## Welcome to ACME eCommerce LLC 

This is your first day on the job. Everyone of our empoyees is its own special flower...

Now make us money

ACME eCommerce is in the business of selling things to people. Your first task is to tell me how many people we had on the site.

## Lets create our first kafka topic
Open a bash session inside the kafka image and create a new topic 
```
docker ps | grep kafka
# Copy kafka hash
docker exec -it DOCKER_CONTAINER_ID /bin/bash

# if you only have one kafka running the follwing will work:
docker exec -it `docker ps | grep kafka | awk '{print $1}'` /bin/bash
# from inside the docker image
$KAFKA_HOME/bin/kafka-topics.sh --create --topic visit_log \
    --zookeeper zk --partitions 2 --replication-factor 1

```

Now, lets setup some visit data first. Please open the notebook [03 - Producer](/notebooks/03%20-%20Producer.ipynb) in a new tab and run through all the code there. Then return here.

In [1]:
import json
import pykafka
 
docker_ip = '192.168.99.100'
client = pykafka.KafkaClient(hosts="{}:9092".format(docker_ip))

In [None]:
client.topics

In [None]:
topic = client.topics['visit_log'] 

In [None]:
topic.partitions

In [None]:
c = topic.get_simple_consumer()

In [None]:
consumer = topic.get_simple_consumer()

In [None]:
message = consumer.consume(block=False)

In [None]:
message.offset

In [None]:
# WE HAVE OUR FIRST MESSAGE.
message.value

We can loop through all the messages with this code. But be careful if you have lots of messages in your topic!

In [None]:
%%time
count = 0

while True:
    message = consumer.consume(block=False)
    if not message:
        break
    # YOUR CODE HERE
    count += 1
print "We counsumed: {} messages".format(count)
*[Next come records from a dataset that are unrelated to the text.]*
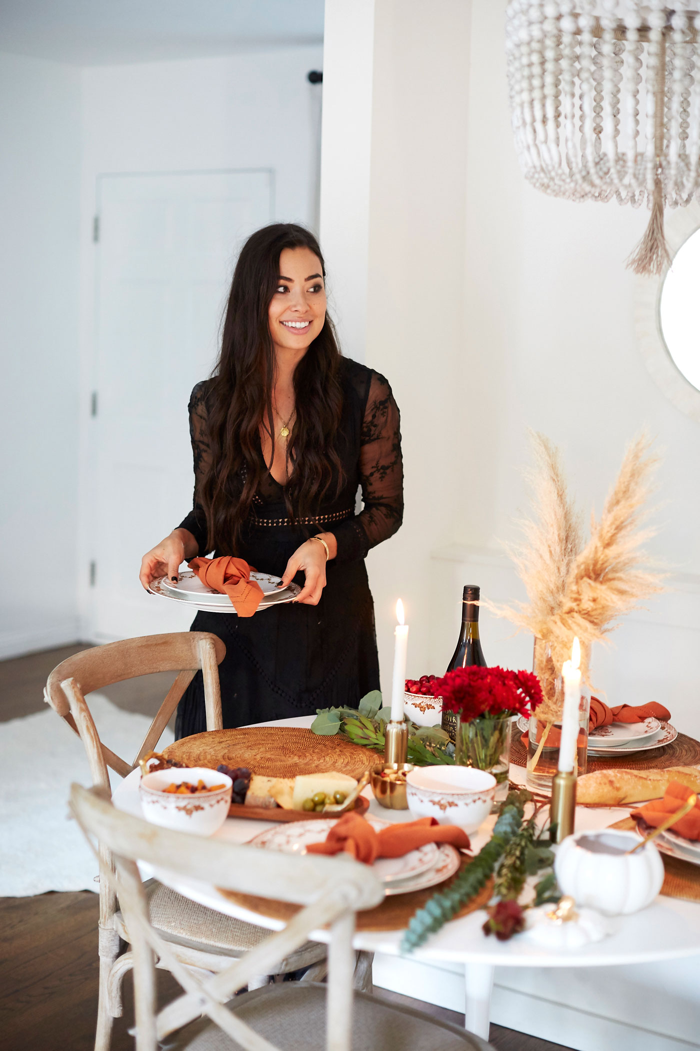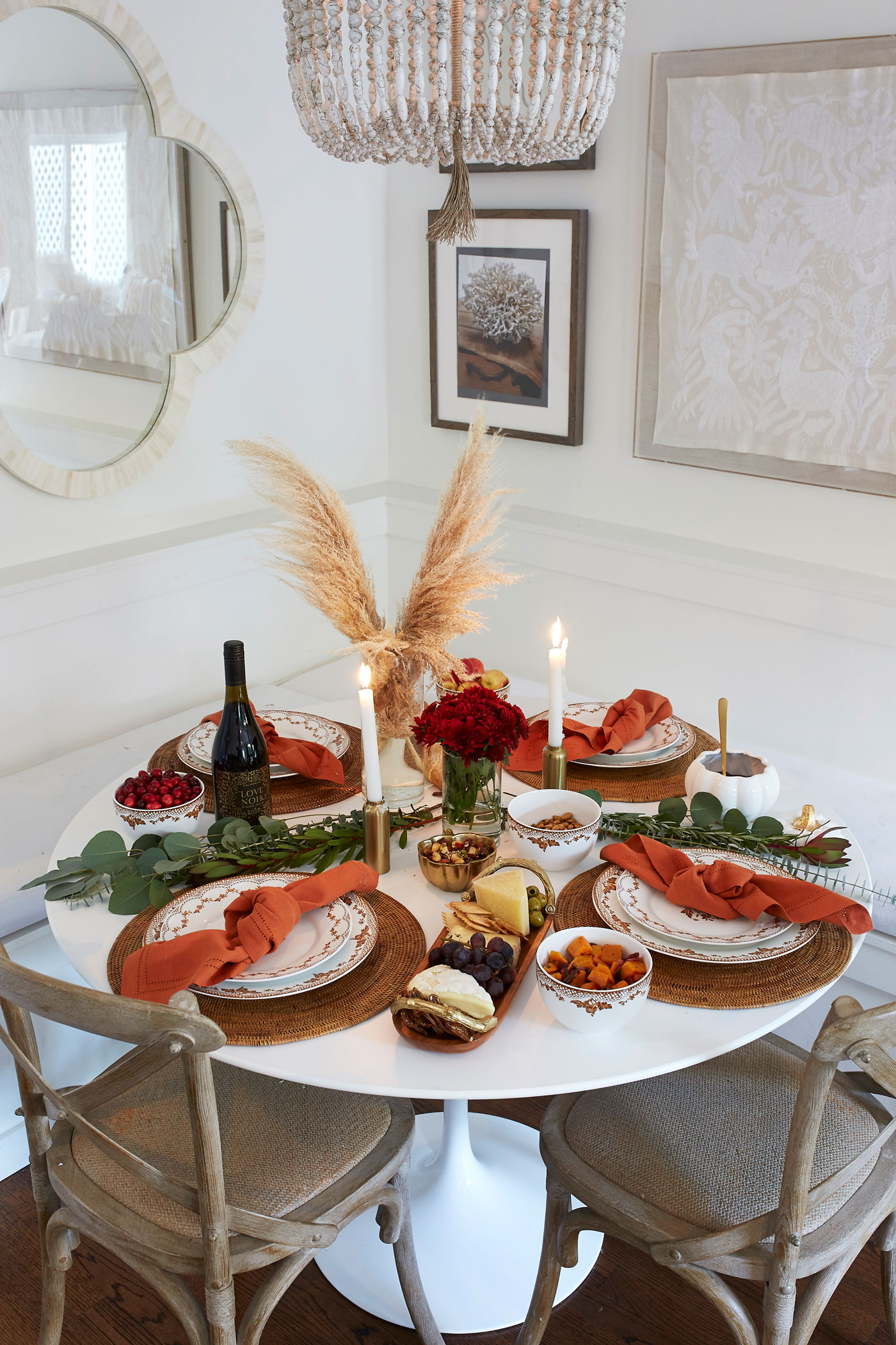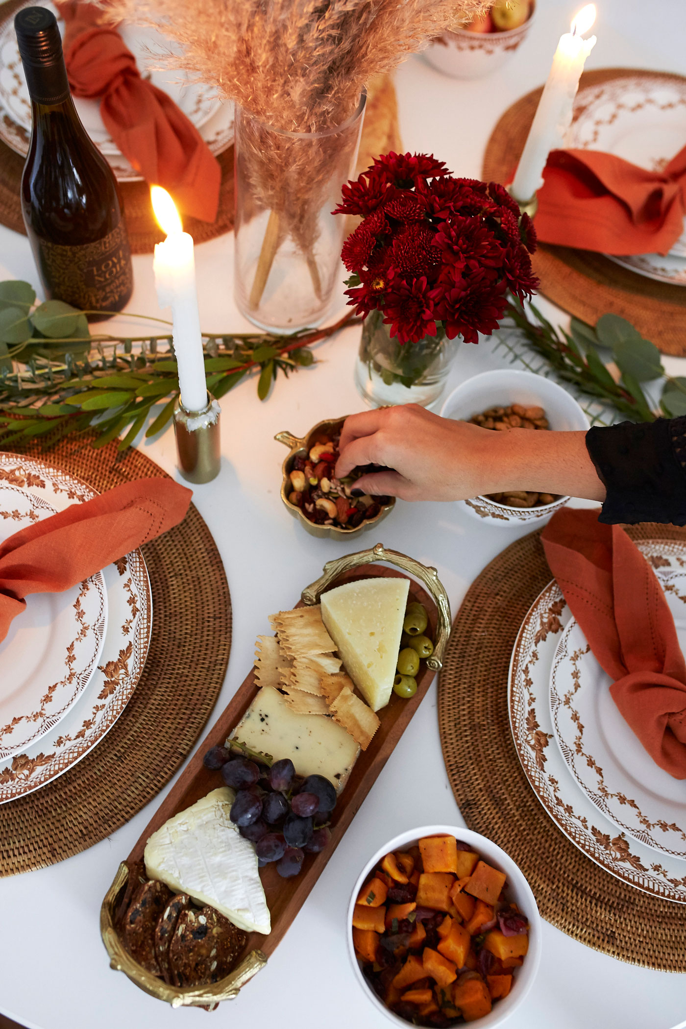 When it comes to decorating a table, I like to scan Pinterest and magazines before ordering things and heading to the store. This gives me a general idea of what vibe I’m going for so once I’m at the store I don’t feel overwhelmed or like a deer in the headlights! It’s always nice to be a little prepared since there are so many options. When I was at the market, I knew I wanted food and flowers that were aesthetically pleasing and went with my dishware colors. These fun pampas feathery looking plants stuck out at me, along with these deep red flowers. I bought some eucalyptus, rosemary, and other greenery to lay out since the table needed some foliage to make it more rustic. Shop everything for my Thanksgiving table decor below!
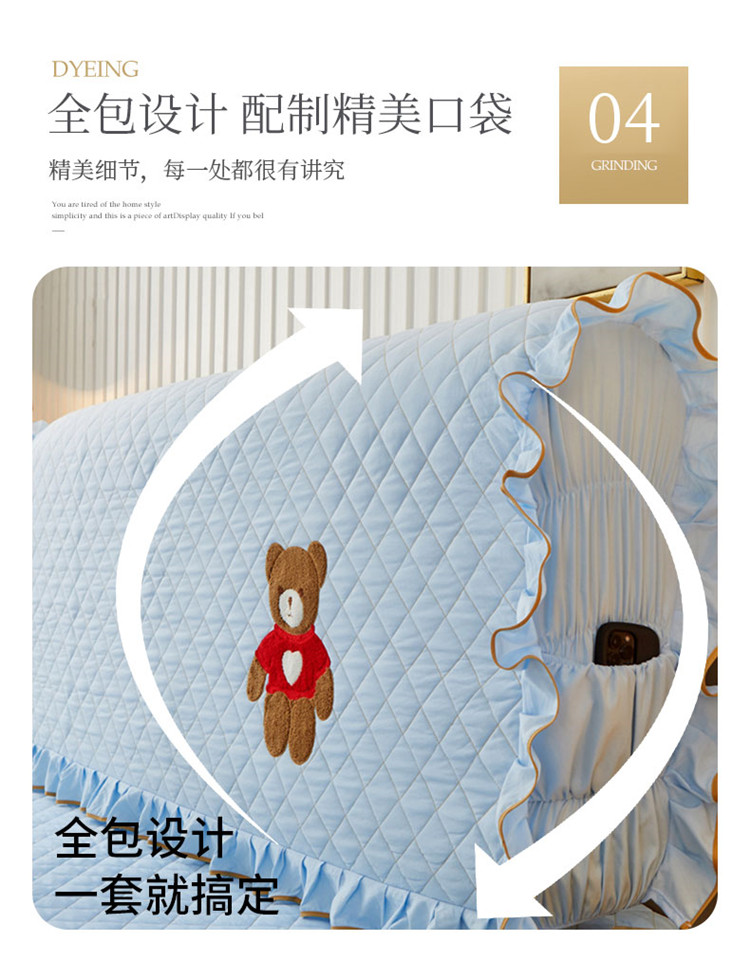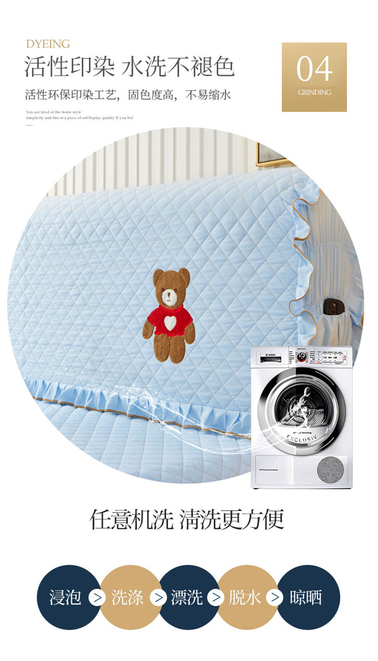 (总)屹成 2024新款水洗棉蕾丝四季款床笠床裙单品套件-床裙三件套,粉玉,豆沙,粉红,大红,橄榄绿,卡其,玫红,浅紫,水绿,天蓝,银灰
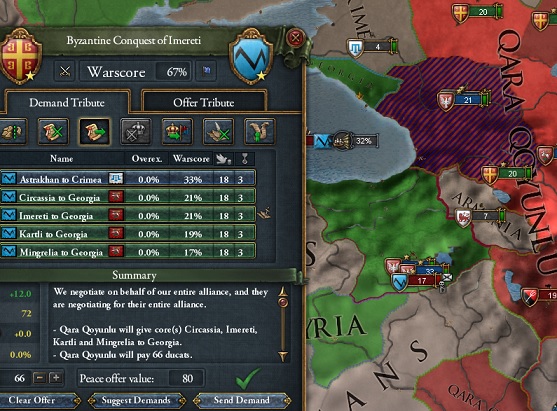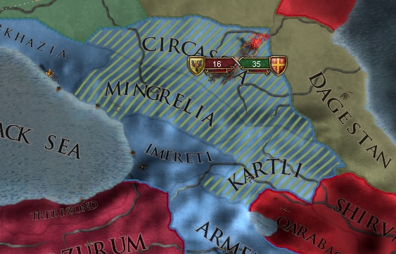 黒羊朝はトリポリと同盟してて総勢40連隊だったよー。でもトリポリ軍はオスマンから通行許可をもらえなかったらしく現れなかったね。難なくほぼ全土を制圧してグルジアのコア州を全て返還させたよ!
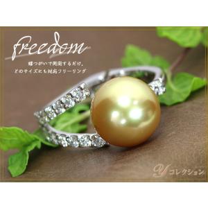 freedomフリーダム ゴールデンパール11mm PT900リング 指輪 上質ダイヤ0.54ct 肉厚 蝶つがいでサイズ自由自在(±2)に動かせる最新技術のジュエリー
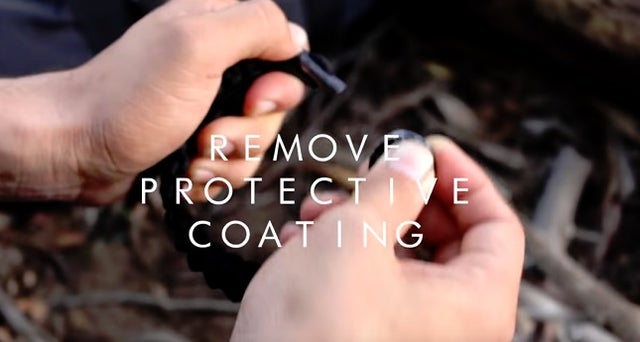 1.付属のリングで黒い棒状の表面のコーティングを一部削り取ります。
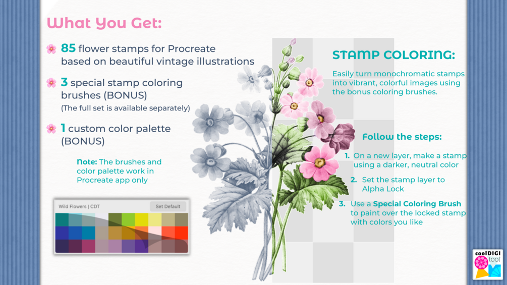 Vintage Flower Procreate Stamps Vol. 2 | With 85 Wildflower Motifs, Bonus Coloring Brushes & Custom Palette

So your first coding task. 
Given this stream answers your bosses first question. How many unique users have visited the site?

In [None]:
consumer = topic.get_simple_consumer()

In [None]:
%%time

while True:
    message = consumer.consume(block=False)
    if not message:
        break
    # YOUR CODE HERE

In [None]:
%%time
counter = Counter()
count = 0

while True:
    message = consumer.consume(block=False)
    if not message:
        break
    # YOUR CODE HERE
    user_id = message.value.split(':')[1]
    counter[user_id] += 1
    count += 1
print "We counsumed: {} messages".format(count)

In [None]:
count

In [None]:
%matplotlib inline
import pandas as pd
pd.Series(counter.values()).value_counts()

In [None]:
import seaborn as sns
pd.Series(counter.values()).hist()

# Enrichment

A common tasks when processing streams is enriching the data.

Take for example, how many users do we have per country?

We need to enrich the current data because it has no idea of country.

In [None]:
# lets build a lookup table in in-memory
import random
countries = ['USA', 'USA', 'USA', 'UK', 'UK', 'Canada', 'Germany']
user_country_lookup = {str(i): random.choice(countries) for i in range(10000)}

In [None]:
consumer = topic.get_simple_consumer()

In [None]:
from collections import Counter
counter = Counter()

In [None]:
count = 0
while True:
    message = consumer.consume(block=False)
    if not message:
        break
    # YOUR CODE HERE
    user_id = message.value.split(':')[1]
    if user_id in user_country_lookup:
        counter[user_country_lookup[user_id]] += 1
    else:
        counter['Unknown'] += 1
    count += 1
print "We counsumed: {} messages".format(count)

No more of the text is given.